Information supplied:
"""
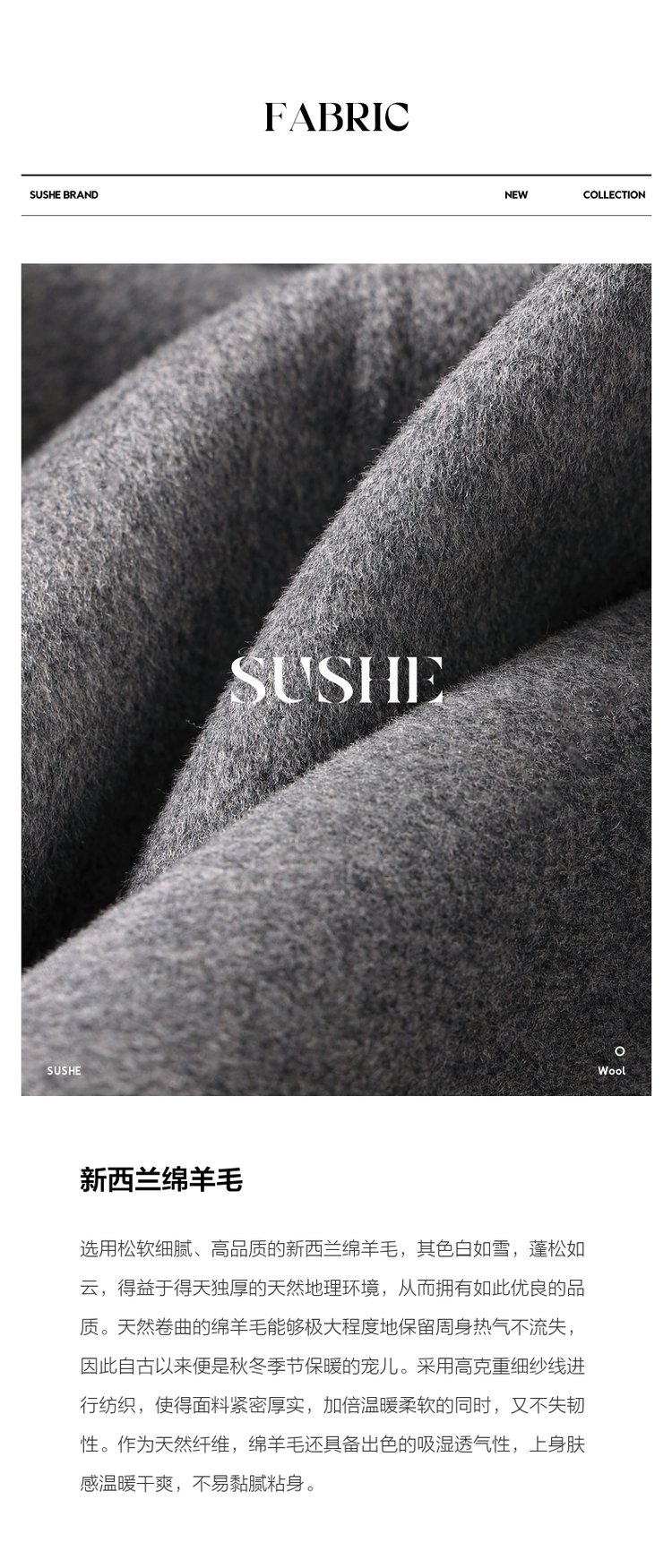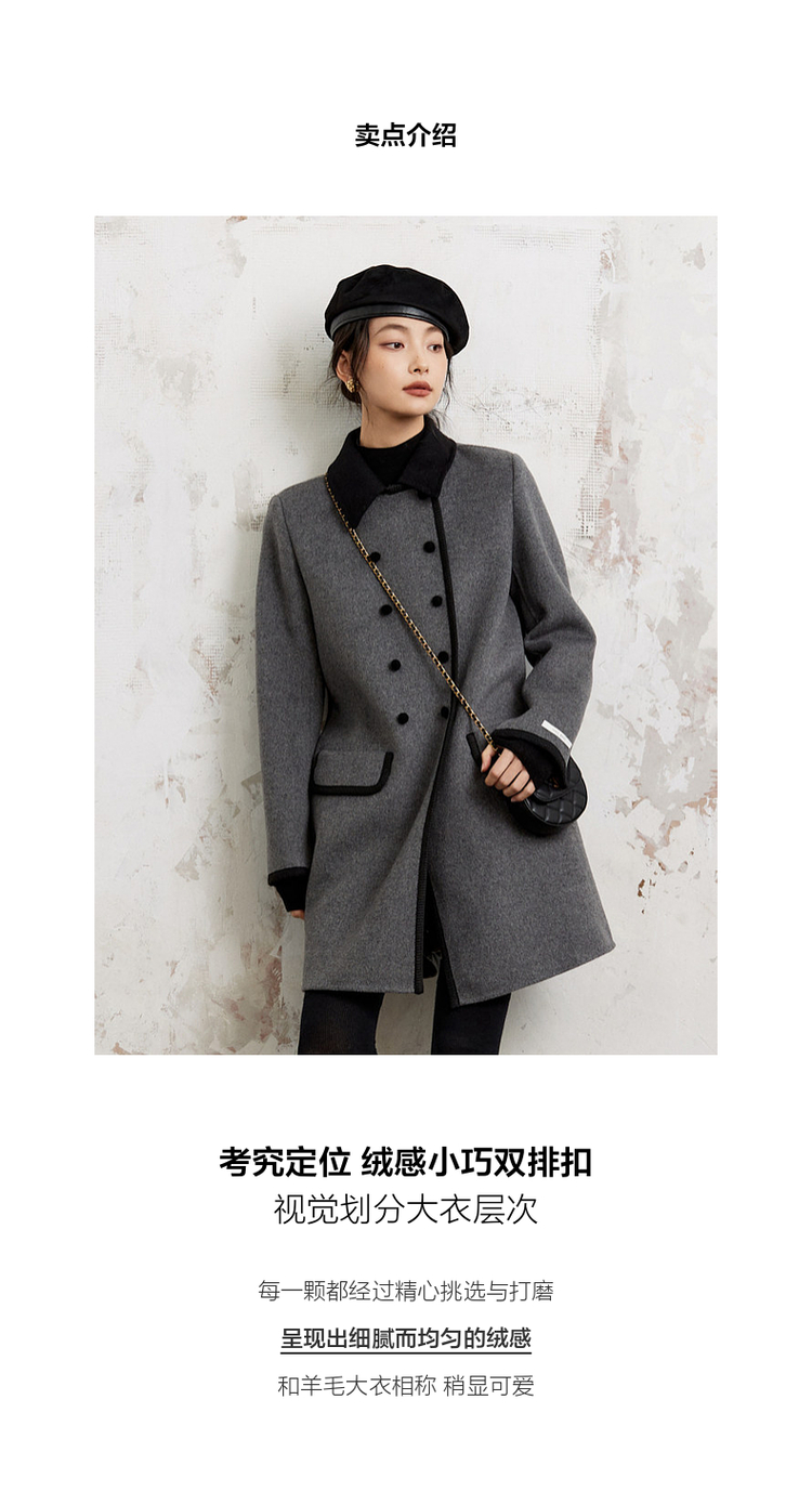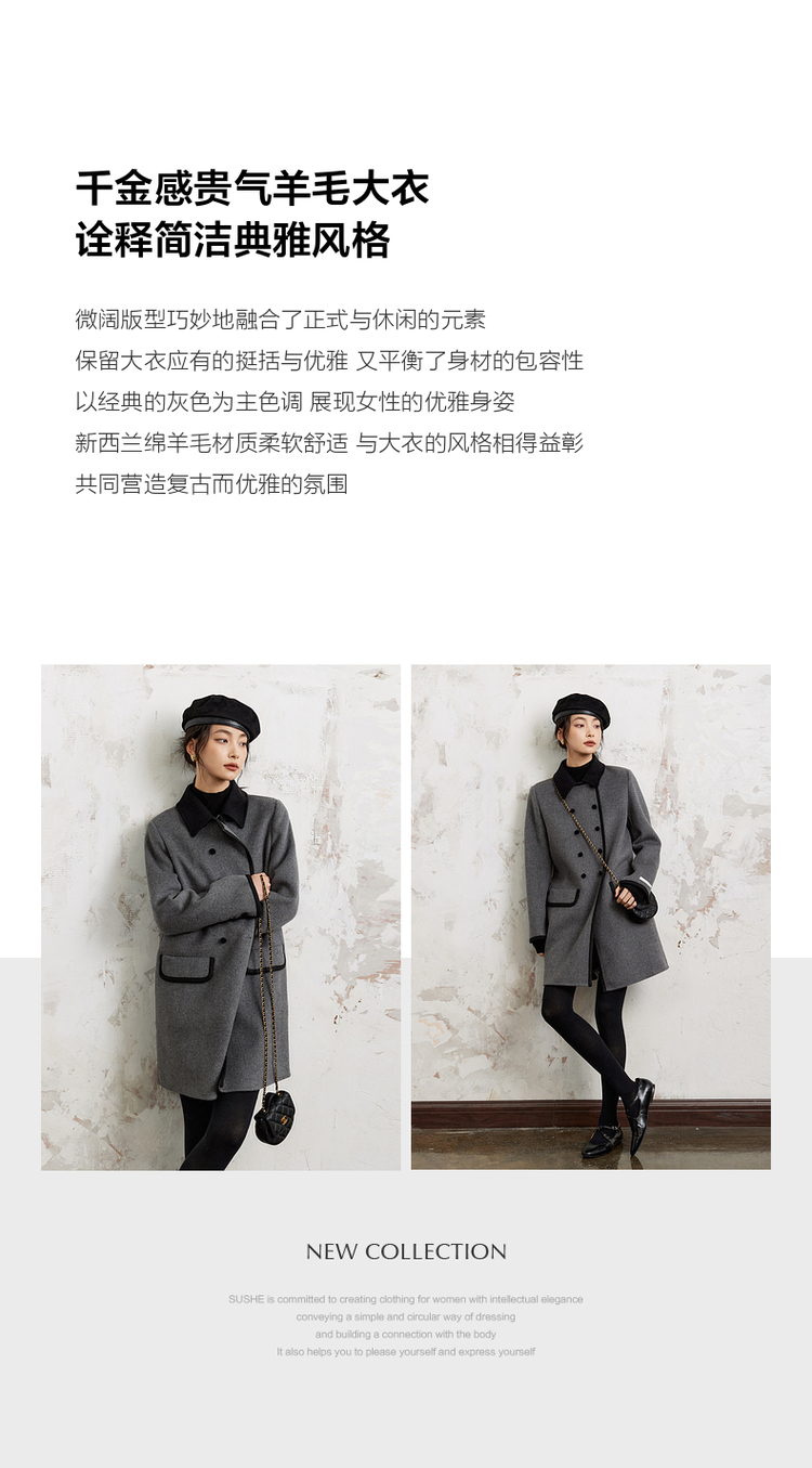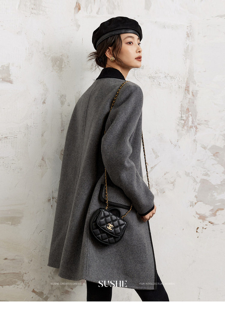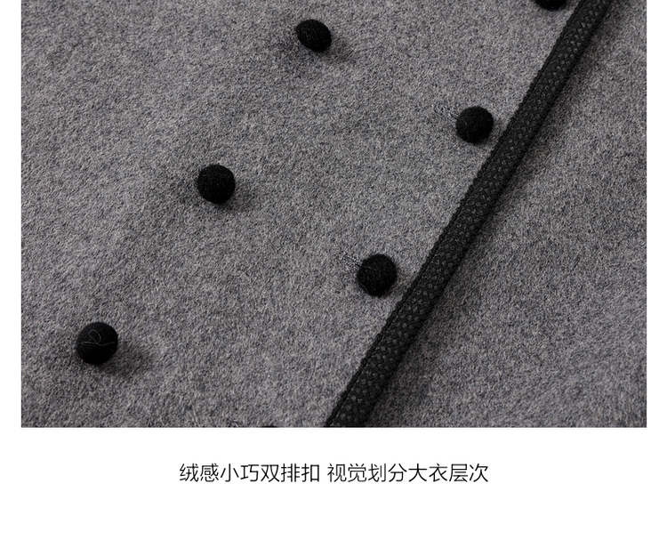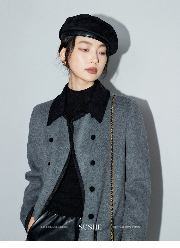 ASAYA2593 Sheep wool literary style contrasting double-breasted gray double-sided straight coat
"""
"""
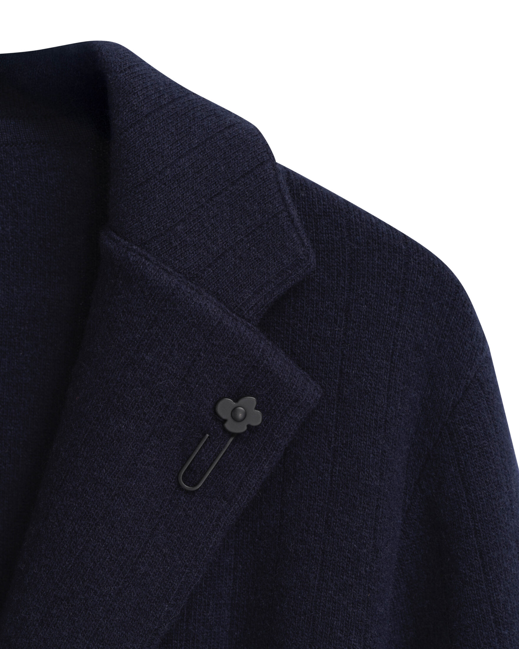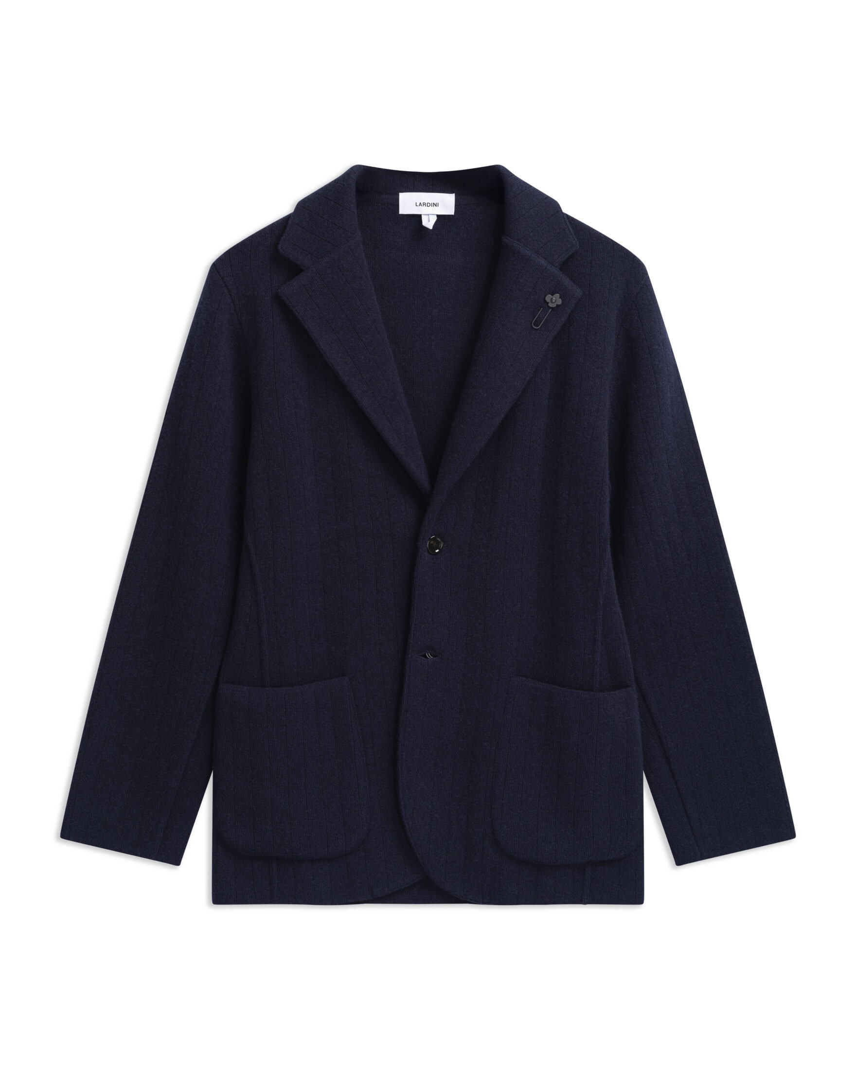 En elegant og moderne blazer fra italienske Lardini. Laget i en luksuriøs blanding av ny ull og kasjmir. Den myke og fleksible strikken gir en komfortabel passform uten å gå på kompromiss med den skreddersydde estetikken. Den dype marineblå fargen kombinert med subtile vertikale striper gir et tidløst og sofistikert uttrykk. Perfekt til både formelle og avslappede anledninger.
"""
"""
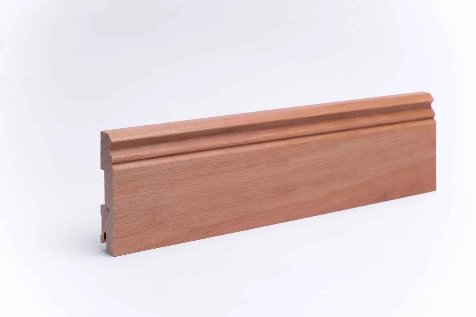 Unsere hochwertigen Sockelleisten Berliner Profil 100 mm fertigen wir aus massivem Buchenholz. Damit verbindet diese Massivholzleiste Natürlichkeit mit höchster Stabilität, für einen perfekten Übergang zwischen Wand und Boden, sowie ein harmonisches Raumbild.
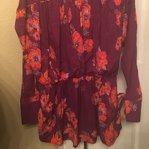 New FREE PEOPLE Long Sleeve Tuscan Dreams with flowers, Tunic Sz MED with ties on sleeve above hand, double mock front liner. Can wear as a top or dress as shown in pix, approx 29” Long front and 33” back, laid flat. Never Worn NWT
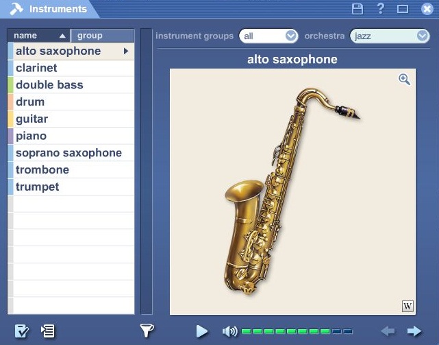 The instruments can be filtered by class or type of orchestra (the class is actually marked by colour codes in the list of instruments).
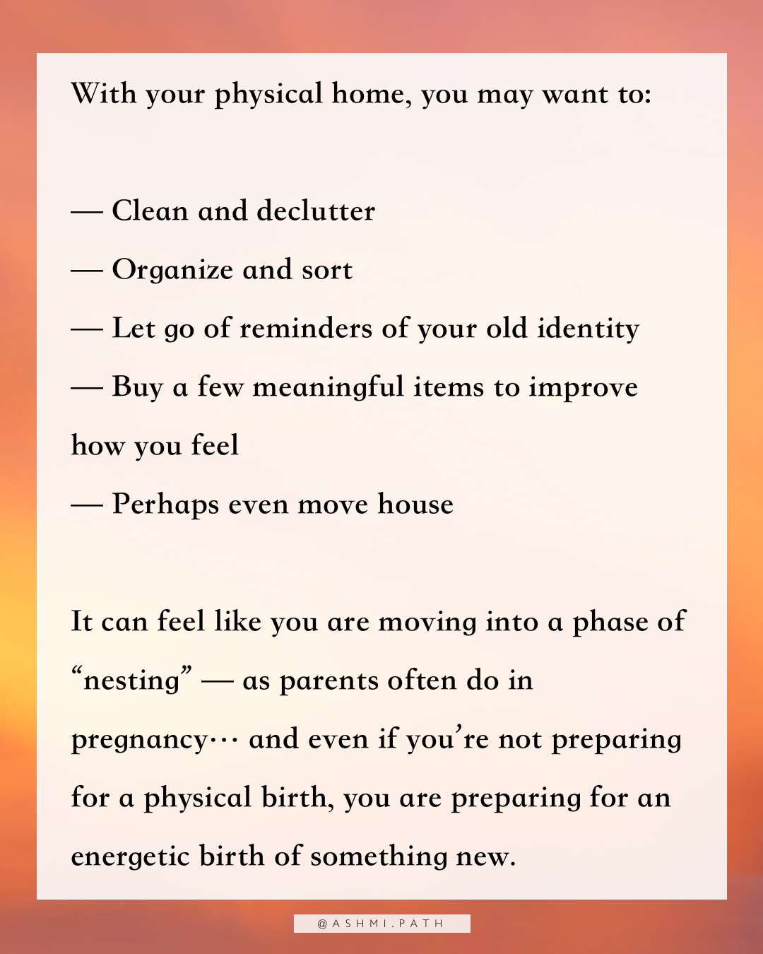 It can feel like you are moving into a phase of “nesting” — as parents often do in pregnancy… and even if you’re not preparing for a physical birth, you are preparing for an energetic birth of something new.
"""
What lines above run from the one with "New FREE PEOPLE" to the one with "It can feel"? Give them again exactly, ends included, and leave the pictures out.

Answer below:
 New FREE PEOPLE Long Sleeve Tuscan Dreams with flowers, Tunic Sz MED with ties on sleeve above hand, double mock front liner. Can wear as a top or dress as shown in pix, approx 29” Long front and 33” back, laid flat. Never Worn NWT
 The instruments can be filtered by class or type of orchestra (the class is actually marked by colour codes in the list of instruments).
 It can feel like you are moving into a phase of “nesting” — as parents often do in pregnancy… and even if you’re not preparing for a physical birth, you are preparing for an energetic birth of something new.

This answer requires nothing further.